Implement physical safeguards for all workstations that access ePHI, to restrict access to authorized users.
Administrative Safeguards fall out of the realm of software development, however, there are mandatory guidelines for any business that works with health information. Administrative security tasks involve:
- Appoint security officers who will regularly perform the risk assessment.
- Introduce risk management policies and procedures.
- Train employees on identifying potential cyber attacks and document all training.
- Restrict third-party access to ePHI.
- Develop a contingenсy plan to protect the integrity of ePHI, consider data backups and procedures to restore lost data in case of emergency.
HIPAA Privacy Rules
HIPAA Privacy Rules refer to the use and disclosure of PHI and apply to any healthcare organizations and their business associates. According to the rules, BA may not use, access, or disclose PHI without the patient's consent, except for purposes of treatment, payment or certain health care operation; certain public safety and government functions, including: reporting of abuse and neglect, responding to government investigations, or disclosures to avoid a serious and imminent threat to the individual. However, before making disclosures for such purposes, BA should consult with CE.
Limited data set.
HIPAA Breach Notification Rules
Require BAs to promptly notify the Department of Health and Human Services of small security breaches within 60 days after the breach is discovered. Larger breaches (affecting 500+ patients) must also be reported to the media.

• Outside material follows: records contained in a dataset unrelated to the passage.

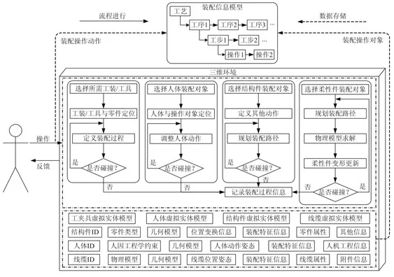 仿真过程以流程为中心、装配信息模型为基础,进行装配过程数据的存储。在三维环境下,装配仿真过程主要包含如下4个部分。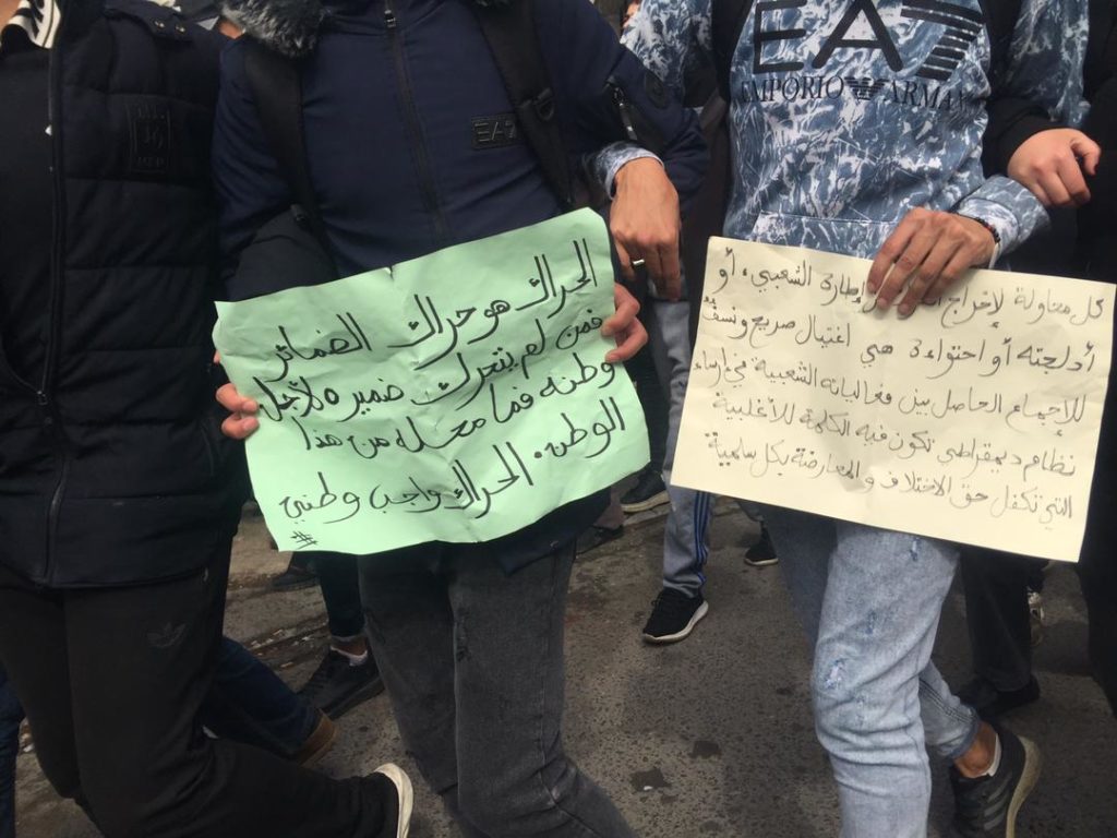 وأوقفت عناصر الأمن عددا من المتظاهرين والنشطاء والطلبة على خلفية لافتات رفعوها أثناء المسيرات، وأودع عدد منهم الحبس مثلما كان عليه الحال مع الطالبة الجامعية نور الهدى دحمان ومسعود لفتيسي الناشط السياسي وآخرون.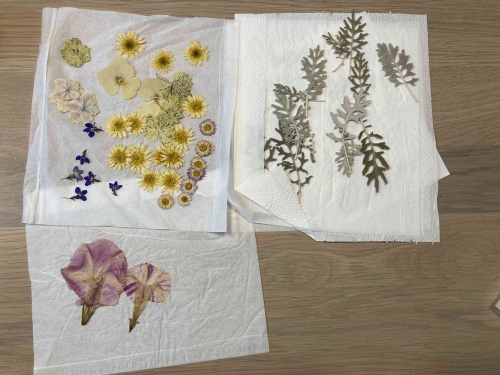 春夏秋冬揃いました。1年以上前に作った押し花です。デージー、紫陽花、朝顔、ロベリア、シロタエギクetcです。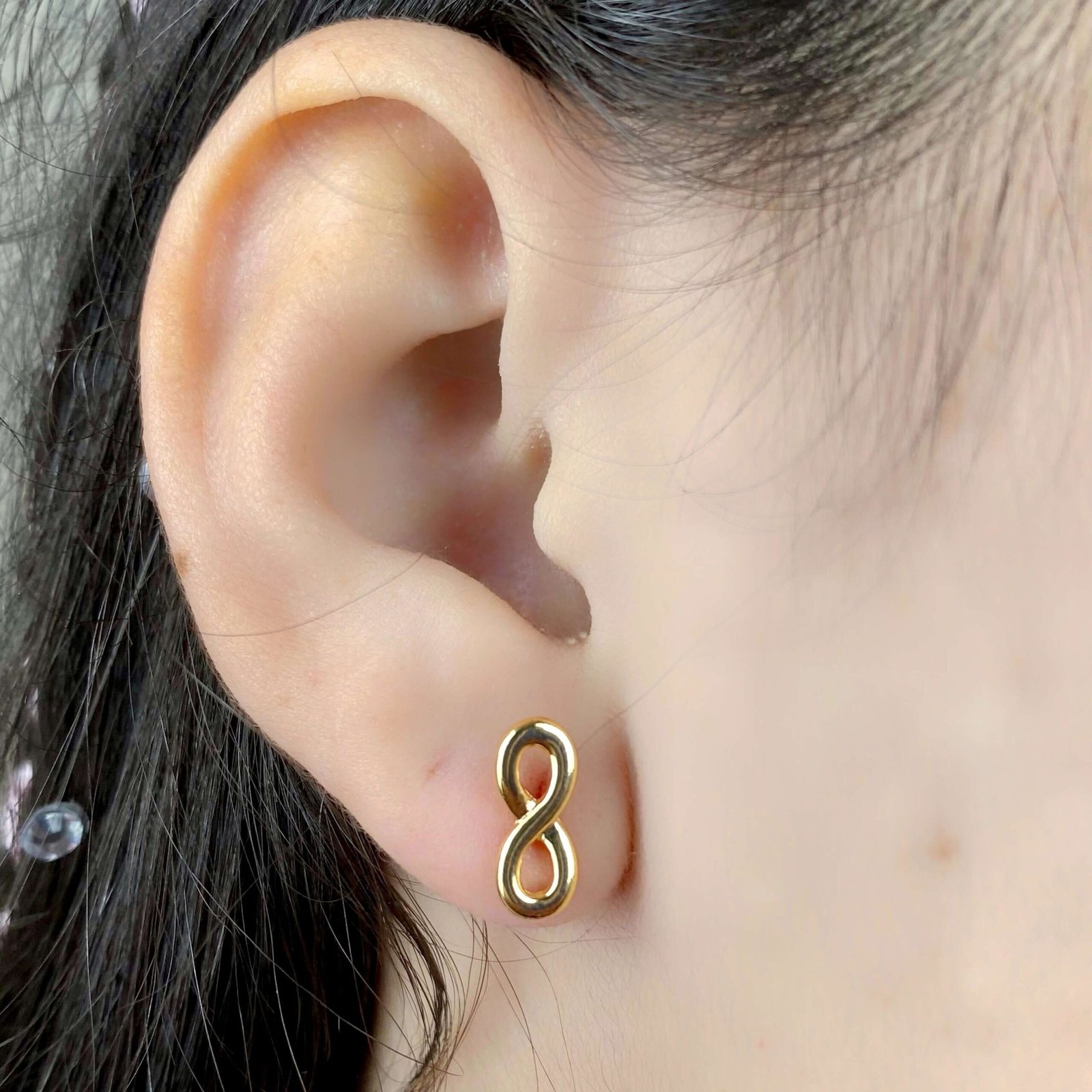 MODELO: Brinco símbolo infinito banhado com 7 milésimos de ouro 18k.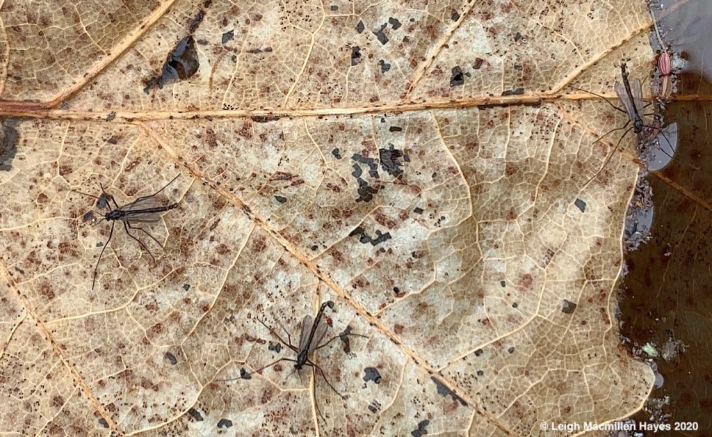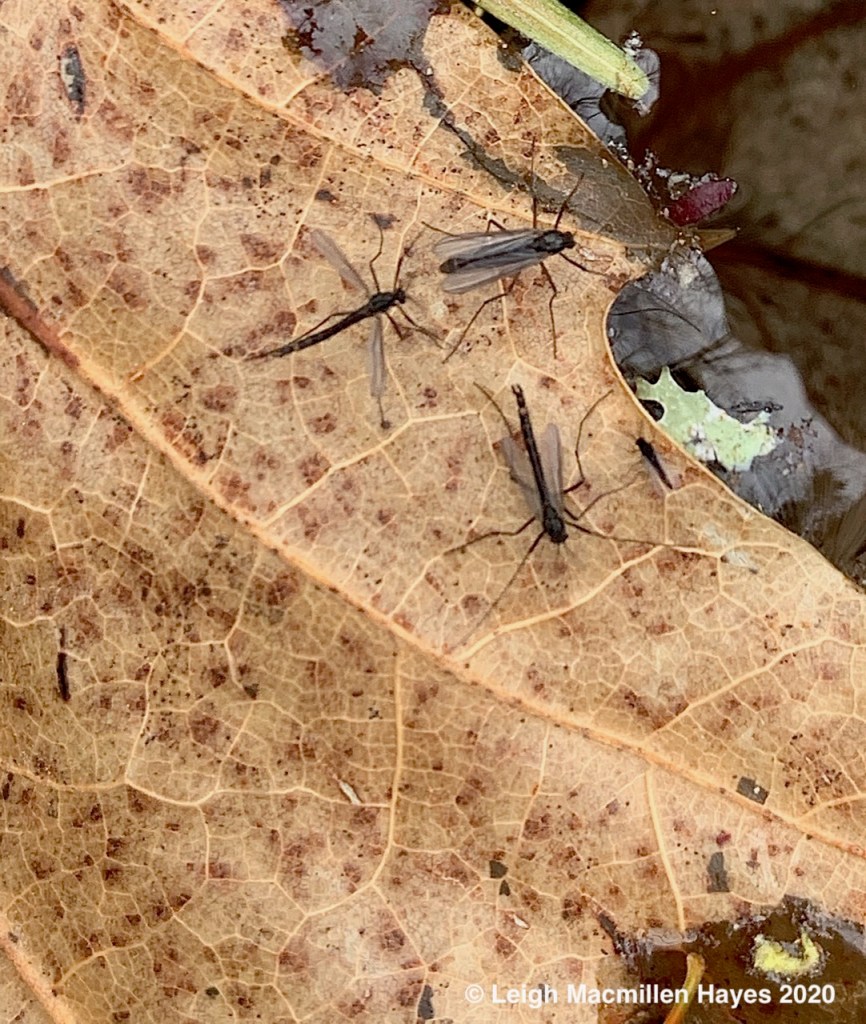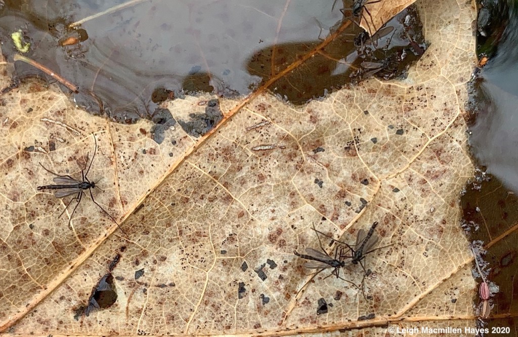 Although from what I noticed today, there wasn’t much flying taking place. Instead it seemed like the oak leaf that floated on the pool’s surface served as a place for males and females to get to know each other, much like my friend Midge may have met her boyfriend, Alan.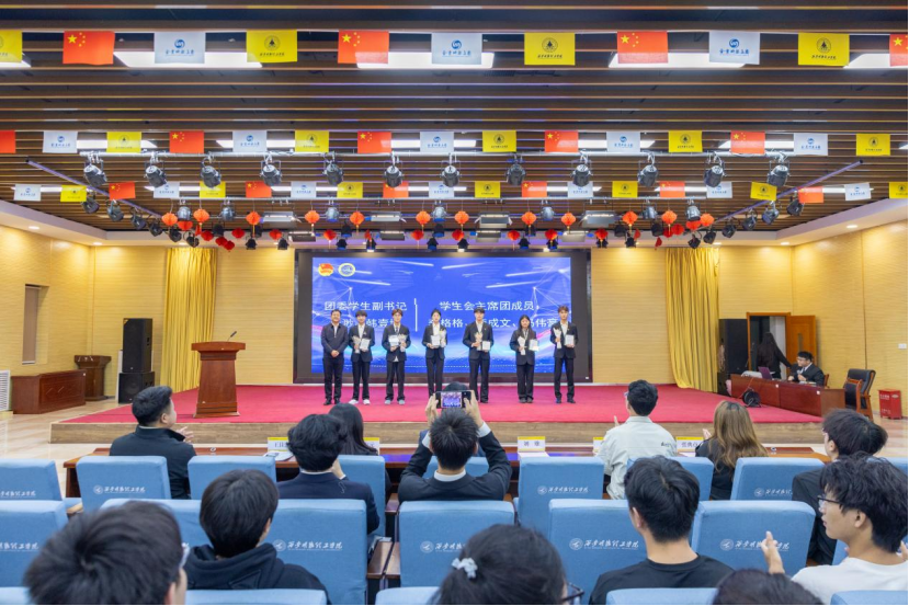 青春逢盛世,奋斗正当时。为进一步加强团学组织建设,激发青年学生干部的活力与担当,9月29日,学院隆重举办第七届团委和学生会干部换届大会。学院党委书记肖千春、校团委副书记刘雄、院团委书记王佳龙、学生党支部书记王旭光、辅导员程方元以及第六届学生会主席团成员与全体团学成员齐聚一堂,共同见证这一传承责任与梦想的时刻。

Plus, BAs must notify their CE, which in turn must notify the individuals.
Breach notifications should include the following information:
- The nature of the ePHI involved, including the types of personal identifiers exposed.
- The unauthorized person who used the ePHI or to whom the disclosure was made (if known).
- Whether the ePHI was actually acquired or viewed (if known).
- The extent to which the risk of damage has been mitigated.
In all cases, patients must be notified and informed of steps they can take to mitigate potential damage.
Prepare a mass mailing plan for this contingency.
Maintain Required Documentation
Maintain the documents required by the Security Rule for six years from the document’s last effective date. Ensure that you have written training standards as well as written penalties that employees are informed of in the case of a violation.